2 Comments for “Petition seeks to stop cell towers at Carmel Valley Library”

  1. I attended the first meeting and was satisfied that there was no chance that the public could be close and directly in front of any of the antennas (as we should expect). The maximum RF energy levels expected by at&t anywhere the public can be on the library property was a very small (I forgot how small, I think single digit %) of the FCC maximum guidelines. It was also mentioned in the meeting that RF levels off the library property would be even lower (also as expected since the signal strength decreases with distance squared in free space and typically faster in urban environments). Therefore I think the health risk argument is extremely weak (and seemingly irrelevant for the purposes of the petition given that it’s not a legally recognized reason to regulate cell tower placement at local or state levels as long as the FCC limits are met).

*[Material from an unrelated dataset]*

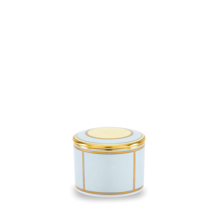 La Scatola Portagioie di Richard Ginori si distingue per il suo raffinato decoro celeste, impreziosito da una filettatura in oro che esalta il design. Il motivo giallo sul coperchio crea un contrasto di colori che illumina l'intero elemento. Presentata in una luxury box, è perfetta come idea regalo, sia per conservare e organizzare gioielli, sia come elegante elemento decorativo da esporre in ogni ambiente. Nelle mise en place più originali, può essere utilizzata per presentare sfiziosi appetizer o micro dessert. La collezione Diva arricchisce la proposta di porcellane Ginori 1735 con uno stile eclettico e dinamico. Oltre alla linea giftware, presenta un assortimento da tavola, tè e caffè caratterizzato da elementi impilabili, ideali per un servizio completo e facilmente riponibile in spazi contenuti.

    A good source of information about the safety of RF radiation from cell towers is from the American Cancer Society (link and relevant section copied below):

    “At ground level near typical cellular base stations, the amount of RF energy is thousands of times less than the limits for safe exposure set by the US Federal Communication Commission (FCC) and other regulatory authorities. It is very unlikely that a person could be exposed to RF levels in excess of these limits just by being near a cell phone tower.

    When a cellular antenna is mounted on a roof, it is possible that a person on the roof could be exposed to RF levels greater than those typically encountered on the ground. But even then, exposure levels approaching or exceeding the FCC safety guidelines are only likely to be found very close to and directly in front of the antennas. If this is the case, access to these areas should be limited.

    The level of RF energy inside buildings where a base station is mounted is typically much lower than the level outside, depending on the construction materials of the building. Wood or cement block reduces the exposure level of RF radiation by a factor of about 10. The energy level behind an antenna is hundreds to thousands of times lower than in front. Therefore, if an antenna is mounted on the side of a building, the exposure level in the room directly behind the wall is typically well below the recommended exposure limits.”

  2. Diane H

    Please know this about the FCC guidelines:
    1) They have not been updated for 18 years
    2) They completely ignore non thermal biological effects, which are the issue with these emissions.

    Therefore any assertions that these cell tower emissions are within FCC guidelines are meaningless.